Create database ambari;  
Create database hive;  
Create database oozie;  
Create database ranger;  

FLUSH PRIVILEGES;  
Commit;  

3.3.13, Run the below command to check the mysql scripts exe successfully:

Select Host, User, Password from user;  

3.4 httpd installation (install on one host)

http://blog.csdn.net/symgdwyh/article/details/8235262

3.4.1, untar

tar zxf httpd-2.4.23.tar.gz  
cd httpd-2.4.23  

3.4.2, install dependencies: apr, apr-util and pcre, I put them in httpd-2.4.23/srclib directory

Note, if no compile tool, Please install compile tools first.

yum install gcc gcc-c++ ncurses-devel perl  

Install pcre

tar -zxvf pcre-8.38.tar.gz  
cd pcre-8.38  
./configure --prefix=/usr/local/pcre   
make    
make install  

install apr

cd ../apr -1.5.2  
./configure --prefix=/usr/local/apr -with-pcre=/usr/local/pcre  
make  
make install  

Install apr-util

cd ../apr-util -1.5.4  
./configure --prefix=/usr/local/apr-util -with-apr=/usr/local/apr  
make  
make install  

Install httpd

cd ../../  
./configure --prefix=/usr/local/httpd  -with-pcre=/usr/local/pcre -with-apr-util=/usr/local/apr-util  
make  
make install  

3.4.3, configuration

run

cp /usr/local/httpd/bin/apachectl /etc/init.d/httpd  

then run

vi /etc/rc.d/init.d/httpd 

add and below script follow(#!/bin/sh)

# chkconfig: 2345 50 90  
# description: Activates/Deactivates Apache Web Server  

Note“#" is must

Run chkconfig command put Apache to the system service

chkconfig --add httpd  
chkconfig httpd on  
service httpd start  

Edit the configure file:

vi /usr/local/httpd/conf/httpd.conf  

the default port is 80, can change the default port:

Remove the # before ServerName www.example.com:80
Change the DocumentRoot to ‘/var/www/html’

3.4.4, start the service

cd /usr/local/httpd/bin  
./apachectl start  

If come across this error:

vi /usr/local/httpd/conf/httpd.conf  

Remove the # before ServerName www.example.com:80

3.4.5, visit http://hostname(or ip):port/

if come across forbidden error:
You don't have permission to access / on this server.
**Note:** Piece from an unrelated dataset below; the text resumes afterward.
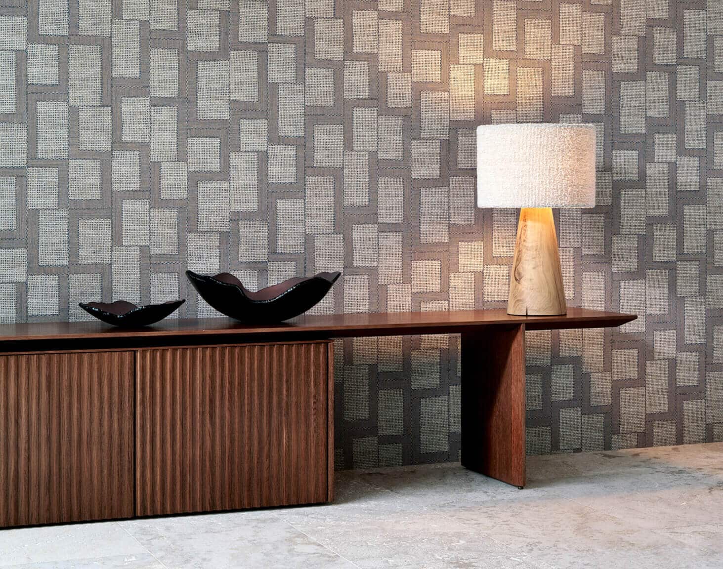 Een sterke vezel gemaakt van twee verschillende grassoorten. In geweven vorm wordt hij gebruikt voor allerlei ambachtelijk vervaardigde decoraties en gebruiksobjecten. Zo vormde hij de inspiratie voor dit dessin waarbij de strakke vormen mooi contrasteren met het willekeurig ogende patroon.

vi /usr/local/httpd/conf/httpd.conf  

And edit the content between Directory, add:

Allow from all  
Options Indexes  

3.5 Check the Maximum Open File Descriptors(on each host)
The recommended maximum number of open file descriptors is 10000, or more. To check the current value set for the maximum number of open file descriptors, execute the following shell commands on each host:

ulimit -Sn  
ulimit -Hn

If the output is not greater than 10000, run the following command on each host to set it to a suitable default:

ulimit -n 10000  

then

vi /etc/security/limits.conf  

and add two line as below:

* soft nofile 10000  
* hard nofile 10000   

3.5 Enable NTP on the Cluster and on the Browser Host(on each host)

chkconfig --list ntpd  

If come across error: error reading information on service ntpd: No such file or directory

Just run

yum install ntp to solve it.  

Then run:

chkconfig ntpd on  
service ntpd start  

3.6 Configuring iptables(on each host)

chkconfig iptables off  
/etc/init.d/iptables stop  

3.7 Disable SELinux and PackageKit and check the umask Value( on each host)

3.7.1, On each host in your cluster, To permanently disable SELinux set SELINUX=disabled in /etc/selinux/config This ensures that SELinux does not turn itself on after you reboot the machine.

3.7.2, On an installation host running RHEL/CentOS with PackageKit installed, open /etc/yum/pluginconf.d/refresh-packagekit.conf using a text editor. Make the following change: enabled=0

3.7.3, Permanently changing the umask on all hosts

echo umask 0022 >> /etc/profile  

3.8 Check Transparent Huge Pages (on each host)

cat /sys/kernel/mm/redhat_transparent_hugepage/enabled  

[always] stands for THP enabled.[never] stands for THP disabled. If THP is enabled, execute the following shell commands on each host:

vi /etc/rc.local

add:

“if test -f /sys/kernel/mm/redhat_transparent_hugepage/enabled; then 
echo never > /sys/kernel/mm/redhat_transparent_hugepage/enabled
fi”  

3.9 Check DNS and NSCD (on each host)

3.9.1, open the hosts file on every host in your cluster

vi /etc/hosts

3.9.2, Add a line for each host in your cluster
Example:
192.168.197.131 hdp01.local
192.168.197.132 hdp02.local
192.168.197.133 hdp03.local
192.168.197.134 hdp04.local

3.9.3, Confirm that the hostname is set by running the following command:

hostname -f  

This should return the you just set.

3.9.4, Use the "hostname" command to set the hostname on each host in your cluster. For example:
hostname

3.9.5, Using a text editor, open the network configuration file on every host and set the desired network configuration for each host. For example:

vi /etc/sysconfig/network  

3.9.6, Modify the HOSTNAME property to set the fully qualified domain name.

NETWORKING=yes  
HOSTNAME=<fully.qualified.domain.name>  

3.10 Set UP Password-less SSH (on each host)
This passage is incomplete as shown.